Coronavirus cases are slightly down in the D.C. area, but one public health expert says it’s too early to tell if that’s going to continue.
Dr. Joshua Sharfstein, vice dean for public health practice and community engagement at the Johns Hopkins Bloomberg School of Public Health, said if people let their guard down, the region could see an increase in coronavirus cases over a four to six week period.
“It really depends both what happened on Labor Day and what’s happened since,” Sharfstein said.
Northern Virginia reported its fewest new COVID-19 cases on Monday in over two months, with 757 new cases reported. Hospitalizations decreased statewide as well, remaining at their lowest level in about two months.
Maryland reported 536 new cases on Monday, slightly down from the day before. The state also saw a decrease in hospitalizations with 347 new patients, the lowest since the end of March. Its seven-day average number of deaths has been its lowest since April 3.

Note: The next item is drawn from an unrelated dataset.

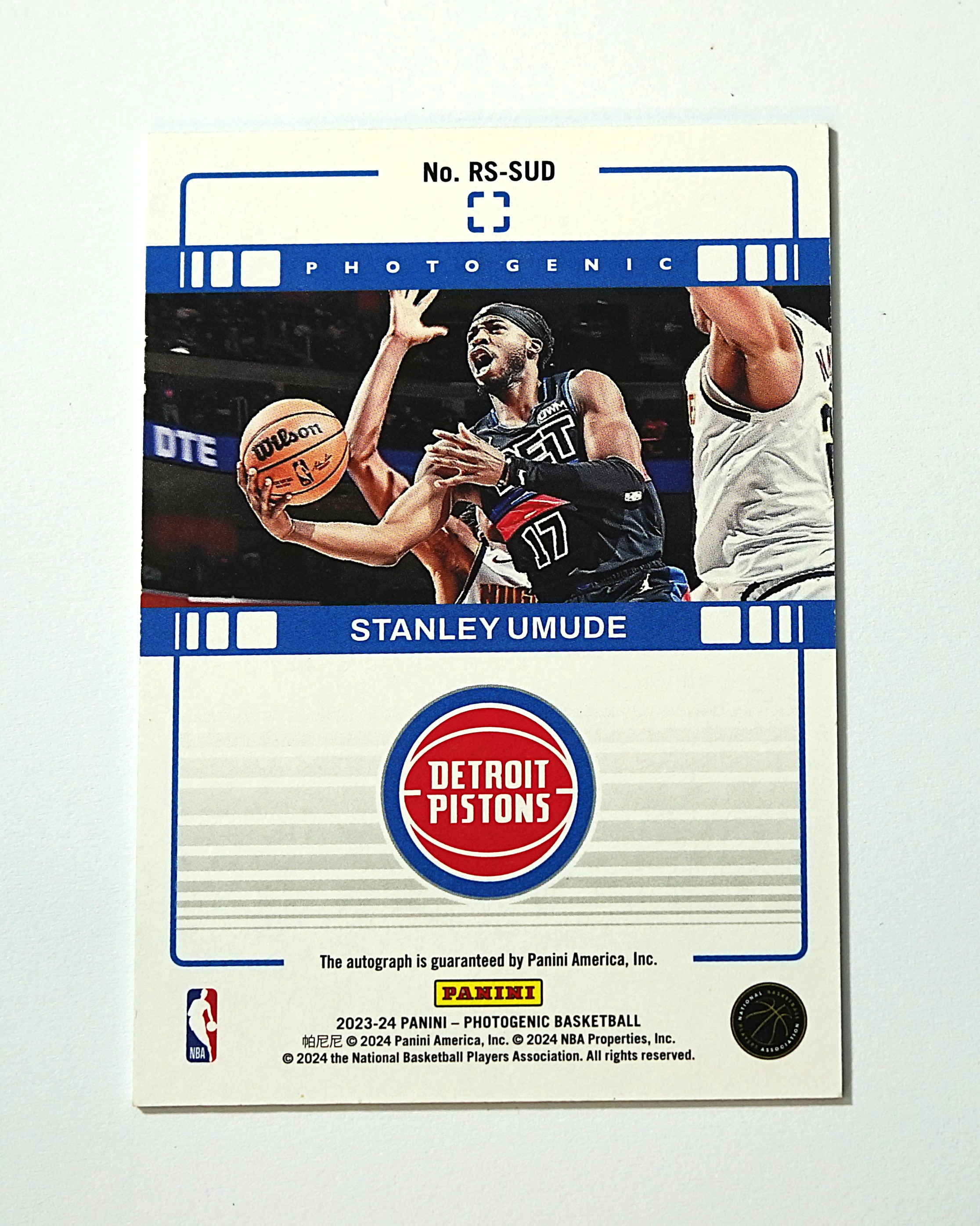 2023-24 Panini Photogenic Stanley Umude RC 上镜 斯坦利 乌穆德 06/10编 金折 新秀 签字 低编 活塞 雄鹿 扬尼斯队友 未来可期 卡品如图【Liq】

D.C. also saw slight declines in the seven-day average number of cases since the beginning of August. The District reported 30 new cases and no deaths on Monday.
“We’re sort of stable at a moderate level of transmission still, with a little bit of a decline in recent days,” Sharfstein said. “I think that we’re in a fragile place, because there’s still enough virus that should something change to increase transmission, we could see a lot more cases quickly.”
He said that people need to be careful with fall events, such as parties for the new football season.
“Like if someone’s having a huge number of people over to the house to watch a game and everyone’s going to be screaming, don’t go. That’s not a safe environment,” Sharfstein said.
He also thinks the area needs to see lower numbers before in-person school returns. “I’d like to see them come down more before people can really feel confident in returning to school,” Sharfstein said.